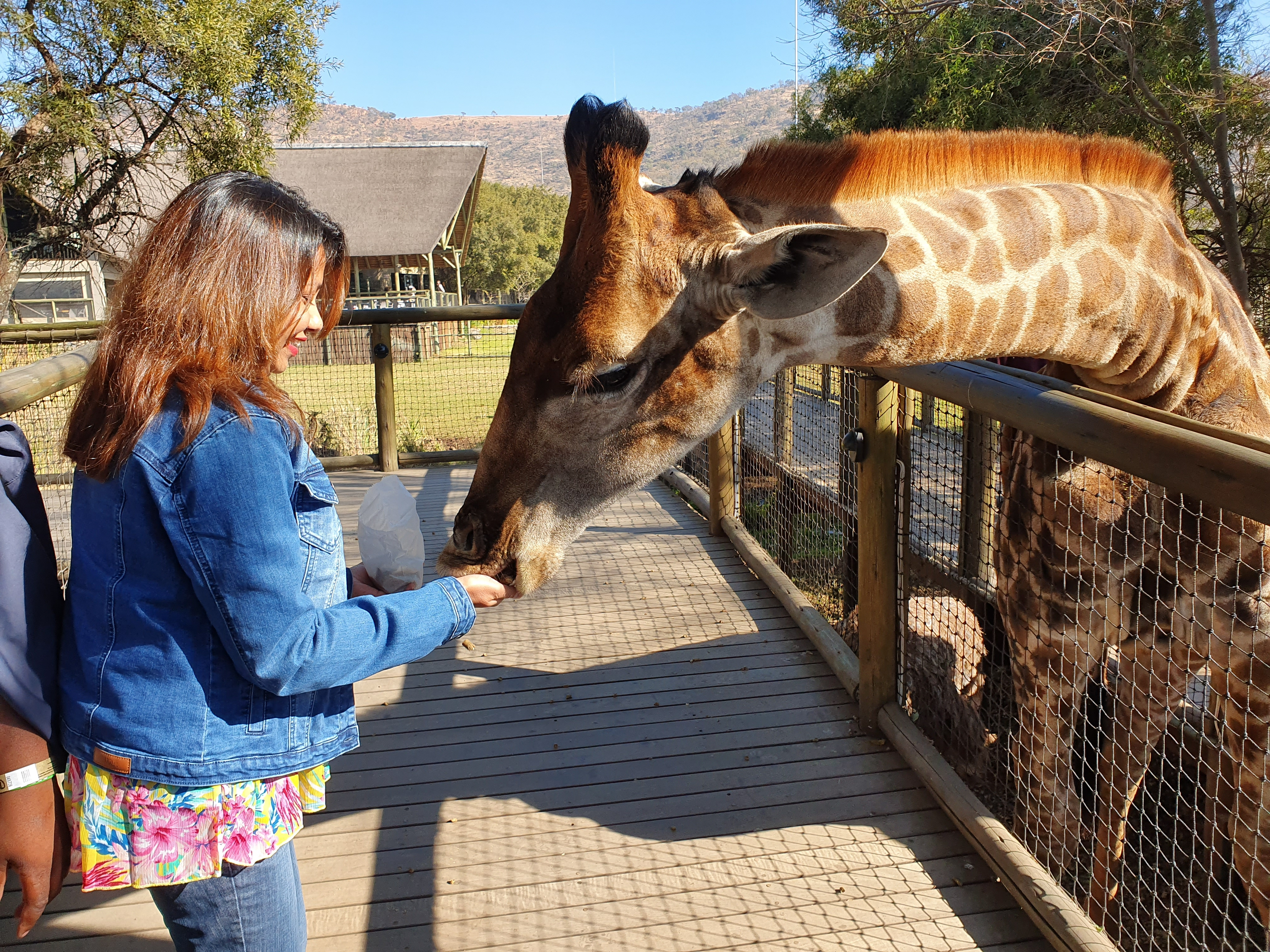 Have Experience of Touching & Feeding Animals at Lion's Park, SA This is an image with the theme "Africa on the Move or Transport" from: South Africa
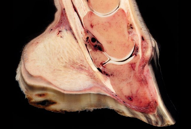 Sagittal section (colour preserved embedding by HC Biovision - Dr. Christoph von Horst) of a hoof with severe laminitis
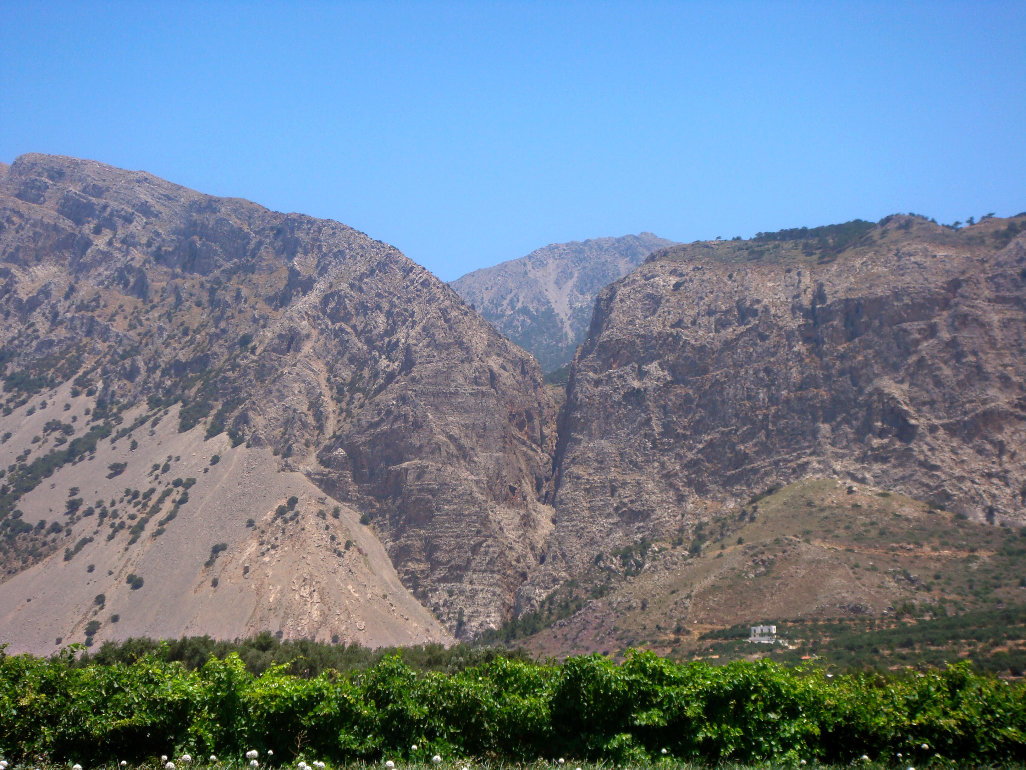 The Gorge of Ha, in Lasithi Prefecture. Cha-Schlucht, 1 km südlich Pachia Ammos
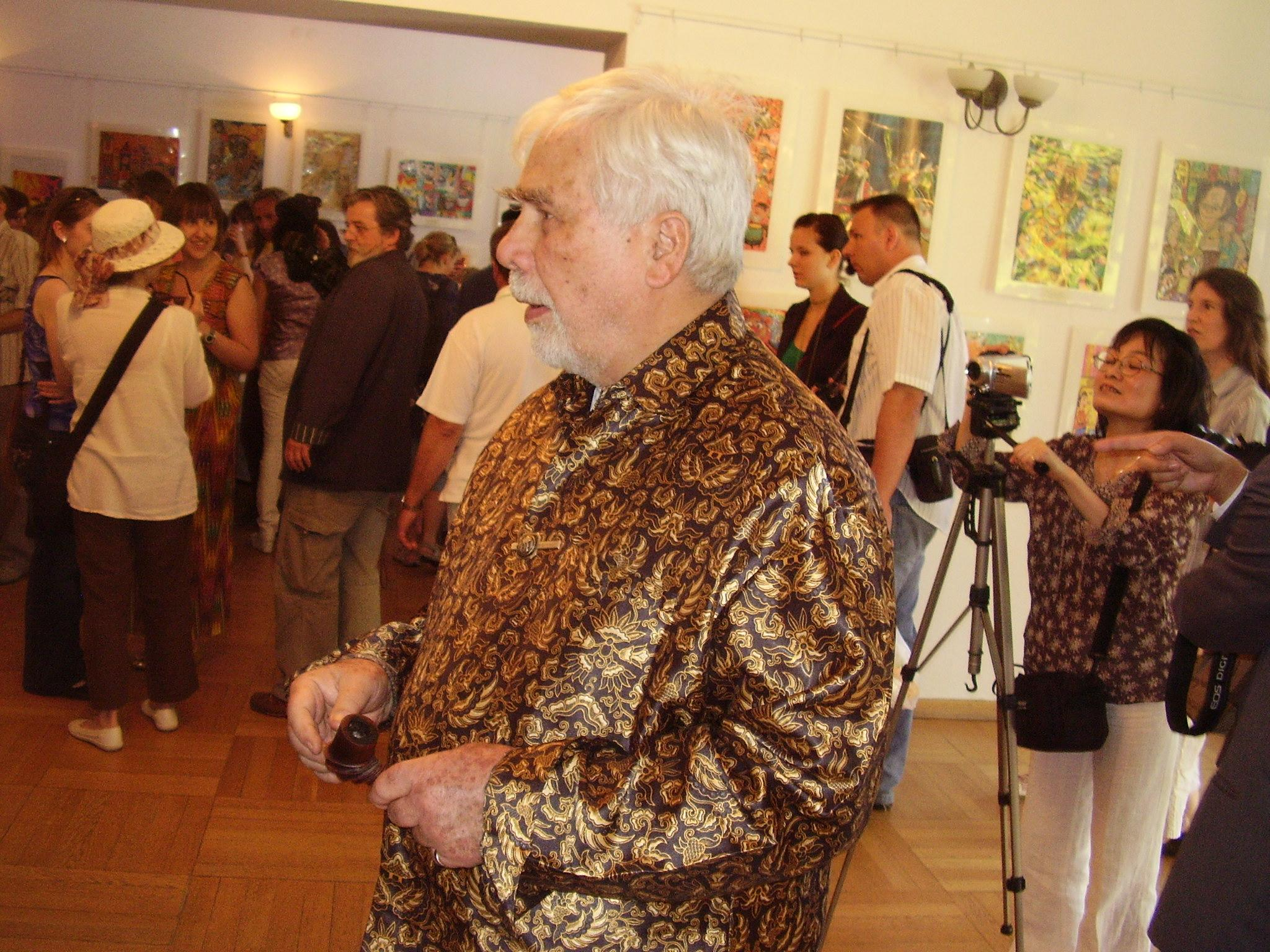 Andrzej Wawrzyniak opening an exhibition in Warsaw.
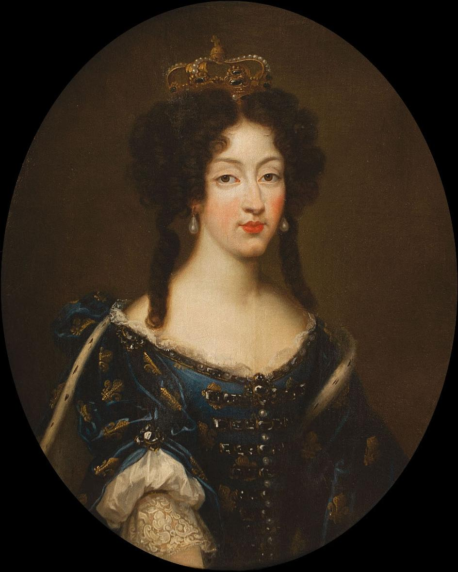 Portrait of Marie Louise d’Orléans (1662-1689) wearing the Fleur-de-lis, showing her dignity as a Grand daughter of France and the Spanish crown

-=-=-

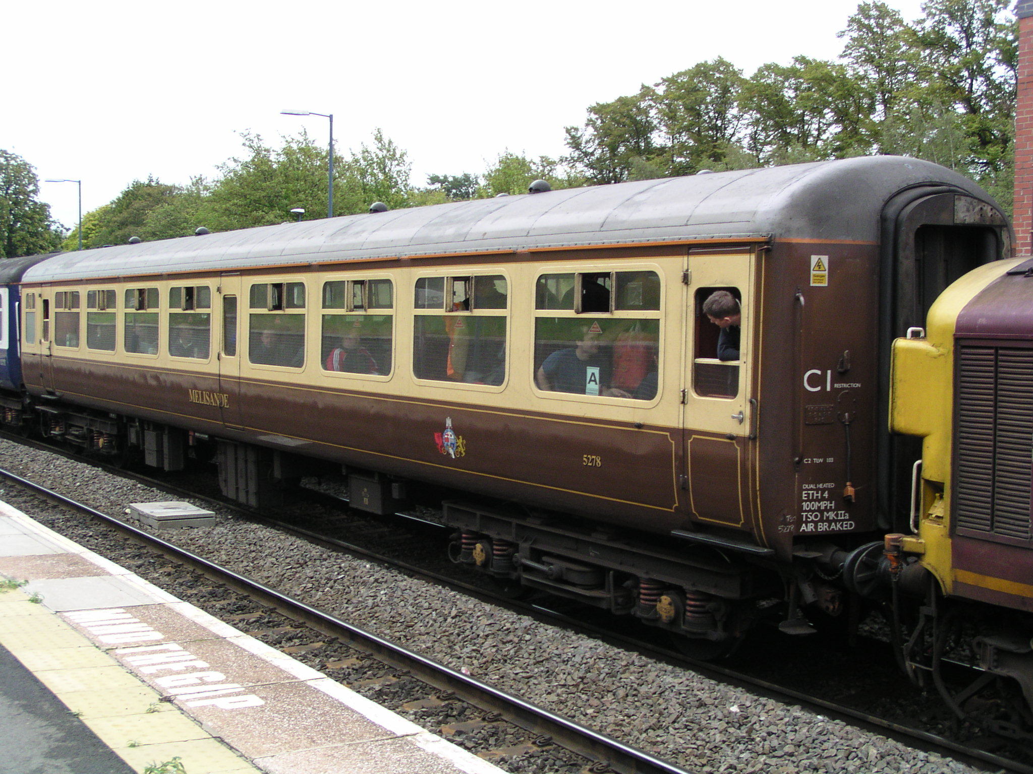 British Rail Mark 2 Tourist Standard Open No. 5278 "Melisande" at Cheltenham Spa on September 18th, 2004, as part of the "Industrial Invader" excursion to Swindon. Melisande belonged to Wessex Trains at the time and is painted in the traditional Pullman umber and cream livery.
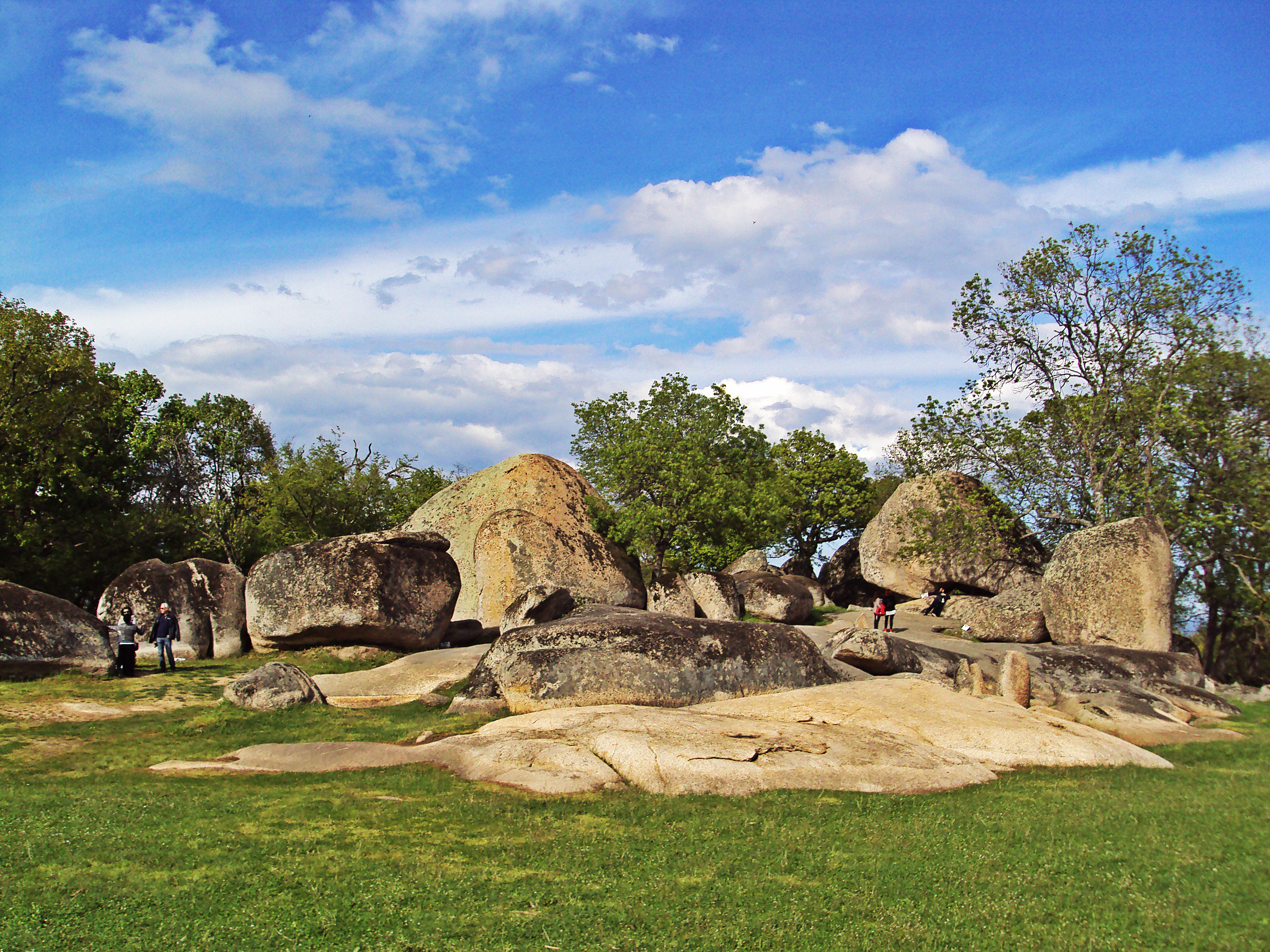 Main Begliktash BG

-=-=-

- **Problem to solve**
Copy only the lines above from the one containing "Have Experience of" through the one containing "Sagittal section (colour", both included. Leave out the pictures.

- **Written solution**
 Have Experience of Touching & Feeding Animals at Lion's Park, SA This is an image with the theme "Africa on the Move or Transport" from: South Africa
 Sagittal section (colour preserved embedding by HC Biovision - Dr. Christoph von Horst) of a hoof with severe laminitis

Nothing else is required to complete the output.